Implementing Context Memory for Multi-Turn Interactions
Maintaining conversation context across multiple interactions is essential for creating a seamless dialogue experience. Implementing a memory mechanism that keeps track of previous exchanges can significantly improve the user’s interaction with the assistant.
-
Current Challenges: Without state management, your setup is constrained to isolated single-turn queries, which limits its ability to provide coherent multi-turn interactions.
-
Enhancement Approach: To overcome this, consider implementing a lightweight context memory that records the last few exchanges and feeds them back into the model. This would enable Qwen2 7B to respond with a greater awareness of the ongoing conversation, making the experience feel more natural and dynamic.
Configuring Your Setup: Example config.json
for Windows Users
To configure your system for the best performance and integration, use the following config.json
example tailored for Windows users:
{
"models": [
{
"title": "LM Studio",
"provider": "lmstudio",
"model": "llama2-7b"
}
],
"customCommands": [
{
"name": "test",
"prompt": "{{{ input }}}\n\nWrite a comprehensive set of unit tests for the selected code. It should setup, run tests that check for correctness including important edge cases, and teardown. Ensure that the tests are complete and sophisticated. Give the tests just as chat output, don't edit any file.",
"description": "Write unit tests for highlighted code"
}
],
"tabAutocompleteModel": {
"title": "Starcoder2 3b",
"model": "second-state/StarCoder2-3B-GGUF/starcoder2-3b-Q8_0.gguf",
"provider": "lmstudio"
},
"contextProviders": [
{
"name": "code",
"params": {}
},
{
"name": "docs",
"params": {}
},
{
"name": "diff",
"params": {}
},
{
"name": "terminal",
"params": {}
},
{
"name": "problems",
"params": {}
},
{
"name": "folder",
"params": {}
},
{
"name": "codebase",
"params": {}
}
],
"slashCommands": [
{
"name": "edit",
"description": "Edit selected code"
},
{
"name": "comment",
"description": "Write comments for the selected code"
},
{
"name": "share",
"description": "Export the current chat session to markdown"
},
{
"name": "cmd",
"description": "Generate a shell command"
},
{
"name": "commit",
"description": "Generate a git commit message"
}
],
"embeddingsProvider": {
"provider": "transformers.js"
}
}
This configuration file sets up various aspects of your local environment, including model settings, context providers, and custom commands. It is crucial for tailoring your development environment to effectively use the tools and features discussed in this article.

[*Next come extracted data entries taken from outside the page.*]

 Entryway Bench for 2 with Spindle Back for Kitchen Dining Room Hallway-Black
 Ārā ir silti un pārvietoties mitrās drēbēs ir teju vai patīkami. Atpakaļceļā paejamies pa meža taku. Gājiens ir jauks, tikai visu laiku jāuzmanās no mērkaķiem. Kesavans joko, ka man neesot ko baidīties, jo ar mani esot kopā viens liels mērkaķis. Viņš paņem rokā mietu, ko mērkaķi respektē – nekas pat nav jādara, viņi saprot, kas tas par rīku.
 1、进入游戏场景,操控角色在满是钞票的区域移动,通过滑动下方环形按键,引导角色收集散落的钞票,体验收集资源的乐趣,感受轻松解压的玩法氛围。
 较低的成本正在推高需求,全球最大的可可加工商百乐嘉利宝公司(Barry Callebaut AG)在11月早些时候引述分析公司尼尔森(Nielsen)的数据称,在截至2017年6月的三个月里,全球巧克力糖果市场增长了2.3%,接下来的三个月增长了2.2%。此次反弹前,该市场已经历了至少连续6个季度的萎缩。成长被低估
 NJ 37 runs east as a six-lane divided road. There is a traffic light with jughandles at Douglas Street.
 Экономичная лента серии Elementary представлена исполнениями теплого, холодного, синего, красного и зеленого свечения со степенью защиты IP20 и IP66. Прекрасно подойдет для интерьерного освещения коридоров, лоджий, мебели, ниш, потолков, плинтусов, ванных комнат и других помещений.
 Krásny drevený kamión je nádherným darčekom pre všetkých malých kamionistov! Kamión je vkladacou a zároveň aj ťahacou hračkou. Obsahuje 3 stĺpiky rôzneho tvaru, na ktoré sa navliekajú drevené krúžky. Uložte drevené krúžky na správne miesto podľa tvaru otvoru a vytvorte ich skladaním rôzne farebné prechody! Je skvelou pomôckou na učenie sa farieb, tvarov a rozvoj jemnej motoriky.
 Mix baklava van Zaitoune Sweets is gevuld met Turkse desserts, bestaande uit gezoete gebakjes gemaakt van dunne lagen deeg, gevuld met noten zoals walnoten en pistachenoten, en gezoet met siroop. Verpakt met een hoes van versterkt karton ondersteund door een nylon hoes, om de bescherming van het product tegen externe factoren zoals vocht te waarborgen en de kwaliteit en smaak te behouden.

Experimenting with External Data Sources
To further enhance your RAG-like system, explore integrating external data sources such as APIs or web scraping mechanisms. This approach can bring real-time information into the retrieval process, adding an additional layer of dynamism and relevance to the model’s outputs.
- Benefits: By incorporating real-time data, your assistant can provide up-to-date responses that reflect the latest information, making it even more powerful and adaptable.
Conclusion
By enhancing your current Qwen2 7B-based solution with codebase retrieval and context memory, you can evolve it into a more RAG-like system that offers improved accuracy, relevance, and conversational coherence. Your existing setup, combined with the Continue plugin’s retrieval capabilities, provides a strong foundation for building an effective assistant tailored to your development workflow.
Looking ahead, further advancements in open-source LLMs and retrieval technologies will continue to expand the possibilities, making it increasingly feasible to deploy sophisticated, RAG-like solutions on consumer-grade hardware.